Over 4 billion years ago the planet was a giant, red-hot, boiling sea of molten rock – nothing more than a magma ocean. The heat generated by the repeated high speed collisions of much smaller bodies of space rock continually came together to form this planet we inhabit.
Granted, our world has witnessed a range of challenges over the years, not least two world wars. More topically the Spanish flu outbreak of 1918 which is said to have infected 500 million people.
But the one thing about these periods of human disaster, whether war or disease, has been the ability of mankind to rebuild and restart.
Back in 2009 I made a visit to Japan and the city of Hiroshima. One of my first points of call in the city was the spot where the US had dropped an atomic bomb in 1945; a bomb of such force that it killed thousands of people in the blink of an eye. Hiroshima was left a charred wasteland with the US telling the world that nothing would grow or live in Hiroshima for 70 years.
But here I was just over 50 years later walking around in a city of smiling faces, modernity and brightness. Vibrant and cosmopolitan its population embrace the sports of soccer and especially baseball.
Later that night I went to see the local team Sanfreece Hiroshima play in the J-League but the one thing that got me thinking was the story of the immediate weeks after the bomb had dropped.
By the autumn of 1945 weeds had started to appear from the scorched earth in Hiroshima confounding the predictions of Dr Harold Jacobson the scientist from the Manhattan Project. By the following spring flowers began to bloom and trees that were left frazzled by the heat sprouted now branches.
The Spanish Flu
Between 1918 and 1920 a Spanish flu pandemic swept across the world reeking havoc on life and organised football.
It was 1919 before the Scottish Cup or FA Cup final were played again.
But between these years Europe was a society already weakened by wars. Indeed, the outbreak is said to have originated in military field hospitals and been compounded by the fatigue of a population terribly impacted by war.
There are then huge differences between the pandemic of then and what we are experiencing now. For one footballers were nowhere near as fit and active as those we know today with many footballers and thousands of fans being smokers. Secondly, there was no NHS and almost every club lacked the medical expertise available to clubs today.
Thirdly, football crowd behaviour was hugely different in 1918 to how it is now. Fans would be herded into stadiums with social distancing almost impossible given the expansive open terracing.

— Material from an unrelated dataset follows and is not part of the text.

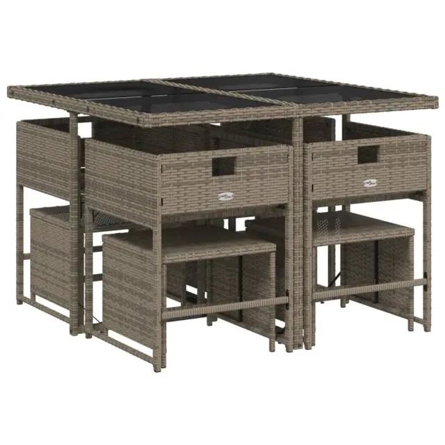 vidaXL Vrtna jedilna garnitura 9-delna z blazinami siv poli ratan

Indeed, public gatherings due to the end of the great war were encouraged such as with the Armistice Day celebrations that occurred in the UK on 11th November 1918. Theatres just like sports events were often seen as having healing potential; a venue of recuperation for people weakened by the hell of war and disease.
By the time the third wave of Spanish Flu ended in June 1919 the football authorities were eager for football to recommence. By August 1919 crowds of up to 18,000 has returned to even the most regular of league fixtures.
So you read that right; just two months after a third wave of deadly flu football watching had returned and fans were welcomed back.
Football clubs in 1919 like any business needed the finances.
COVID19 – Football on the outside
To use modern allegory the pause button on a TV remote was pressed on organised football across Europe early March 2020.
It seems unthinkable in these times of constant weekly TV football that domestic competition has been suspended for months. This includes domestic cups, the UEFA Champions league and even the 2020 European Championships have been postponed until 2021.
Only in Belarus does football seem to have continued.
Football, once thought of as all seeing and all powerful, has shown how vulnerable it is to disease. It has been forced to change its habits and our weekly obsession has been suspended.
But by late April 2020 we are seeing (just like people in Hiroshima did during 1945) the first green shoots of recovery.
The German Bundesliga has announced that football will resume in May 2020 with Bundesliga matches scheduled to be held behind closed doors.
Stringent hygiene and testing is likely to be a prerequisite of play but the likelihood is that both Bundesliga I and II fixtures as well as the DFB Pokal will be played out this summer without any supporters watching.
Indeed other countries across Europe have said that some form of wohnzimmer Fußball (living room football) will happen. The Austrian Bundesiga is also said to be about to resume during May or June with players from teams already in training.
But the fans will be missing – no tifo, no chanting, no encouragement from the stands. All the colour gone – every seat empty.
The immediate future of football, whether it recommences in May or September 2020, seems to be that it will resume without watching and paying spectators inside the stadia.
For the time being the gates are locked.
It seems impossible to think about – every seat empty; no chanting; no flags; no screams of revulsion at referee decisions. The stadia concourses empty and the pie stall oven switched off.
Football – a sport decisively influenced by the fans – regrettably will take place without spectators in attendence.
In football we experience many beautiful and glorious moments but also difficult times – in unison at this moment these traumatic times meet us all.
As supporters we have all had times in life where we couldn’t get inside to watch either by way of being banned, locked out or ticketless.
Looking in from the outside brings a sense of pain and this picture focus is dedicated to the silence of stadiums and the football fan looking on from the outside of the stadium as the action takes place inside.